**AIM OF THE EXERCISE**
Leave the pictures out, and repeat exactly each line from the one that holds "8.5x11 Inches Word, Publisher" through the final line of the entries below.

-- DATA PROVIDED follows --

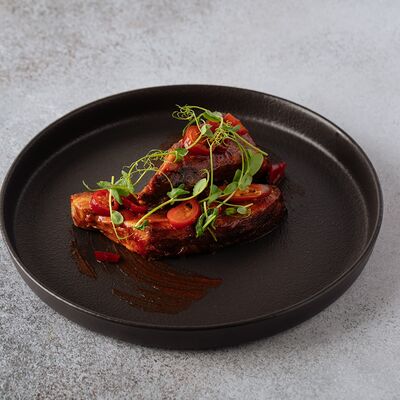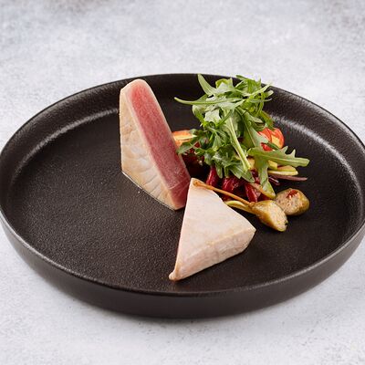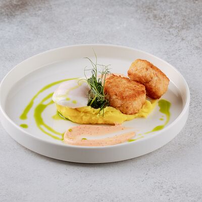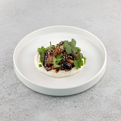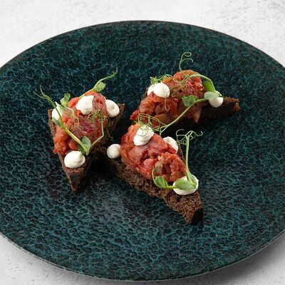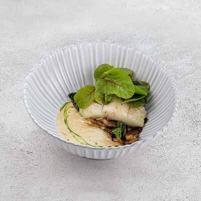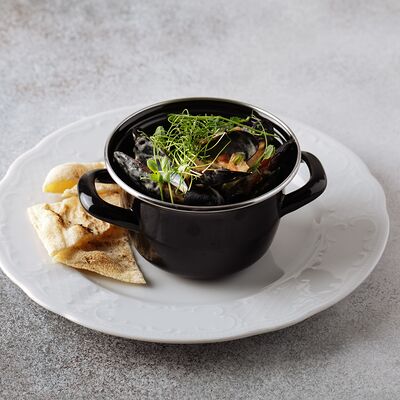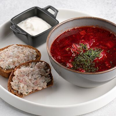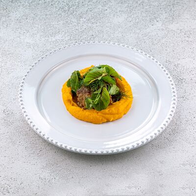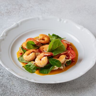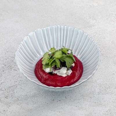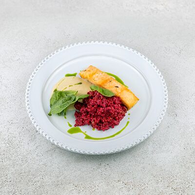 Булгур, лук, тимьян, чеснок, свекольный фреш, соус из чилийских мидий, шпинат, тимьян, смесь перцев, масло оливковое
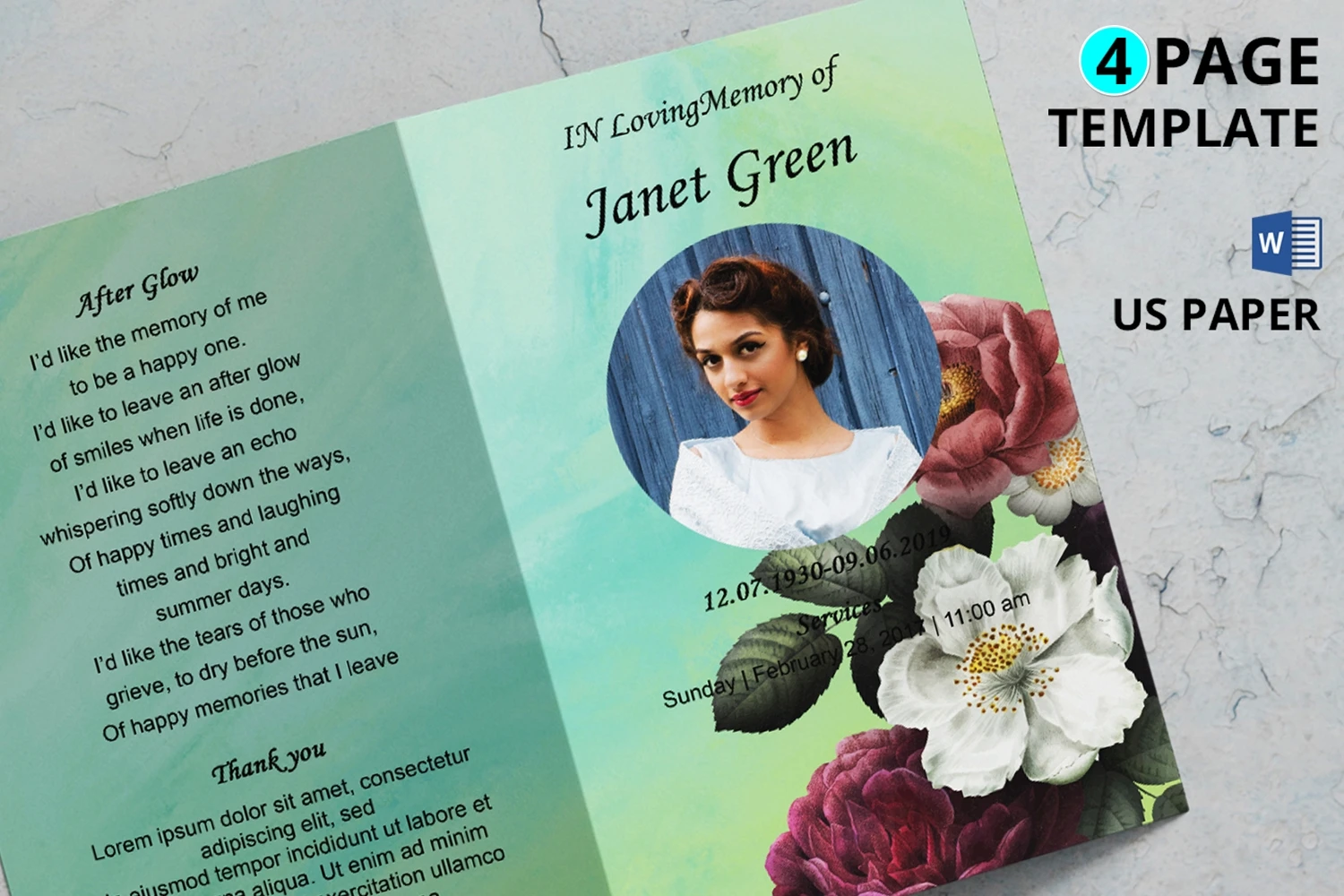 8.5x11 Inches Word, Publisher and CANVA Funeral Program Template.
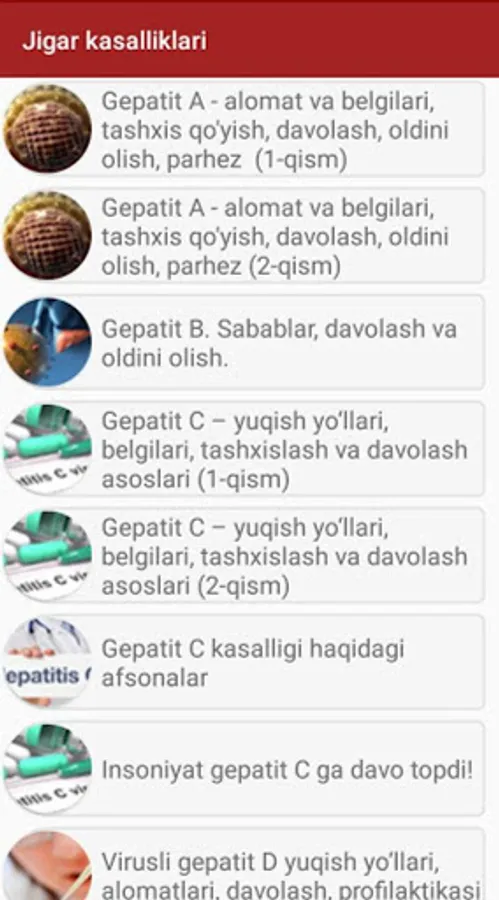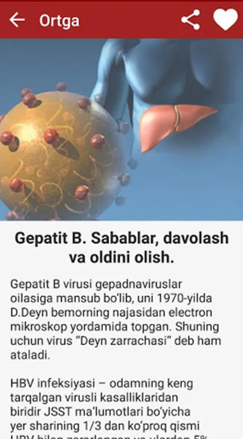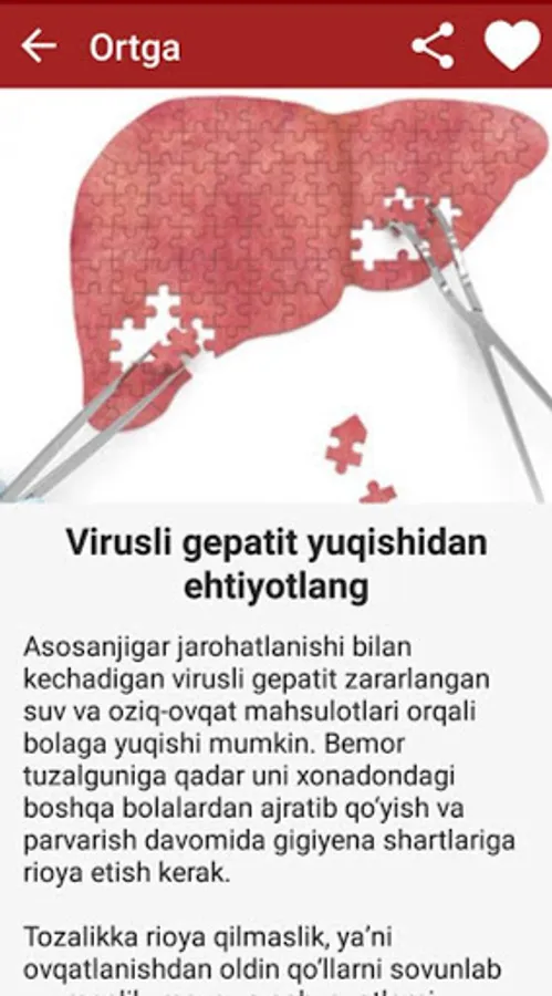 Ushbu ilovada siz jigar kasalliklari haqida mutaxassislar tomonidan taqdim qilingan foydali maqolalar va tavsiyalar bilan tanishishingiz mumkin. Bundan tashqari, jigar kasalliklari profilaktikasi uchun muhim bo'lgan zaruriy tavsiyalar ham keltirib o'tilgan.
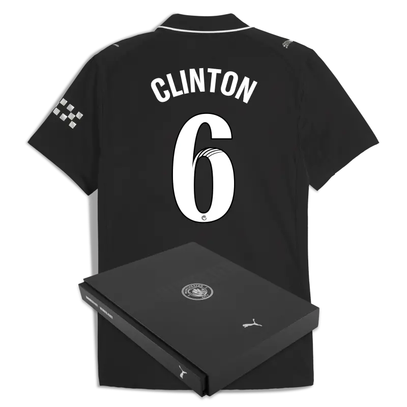 Manchester City Away Authentic Jersey 2025/26 With CLINTON 6 Printing in Gift Box
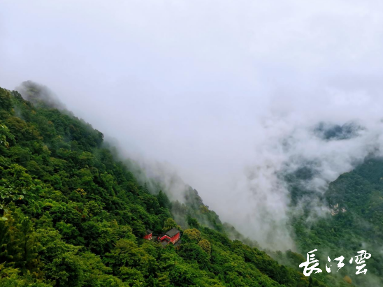 一阵秋雨一阵凉,阵阵秋雨让武当山南岩景区更显灵动,在山林间弥漫的云海随着飘忽的风时聚时散,红墙绿瓦的宫观也在云海中时隐时现。虽然是雨天,可还是吸引了一些游客前来探寻。

-- DATA PROVIDED concluded --

**RESPONSE AREA**
 8.5x11 Inches Word, Publisher and CANVA Funeral Program Template.
 Ushbu ilovada siz jigar kasalliklari haqida mutaxassislar tomonidan taqdim qilingan foydali maqolalar va tavsiyalar bilan tanishishingiz mumkin. Bundan tashqari, jigar kasalliklari profilaktikasi uchun muhim bo'lgan zaruriy tavsiyalar ham keltirib o'tilgan.
 Manchester City Away Authentic Jersey 2025/26 With CLINTON 6 Printing in Gift Box
 一阵秋雨一阵凉,阵阵秋雨让武当山南岩景区更显灵动,在山林间弥漫的云海随着飘忽的风时聚时散,红墙绿瓦的宫观也在云海中时隐时现。虽然是雨天,可还是吸引了一些游客前来探寻。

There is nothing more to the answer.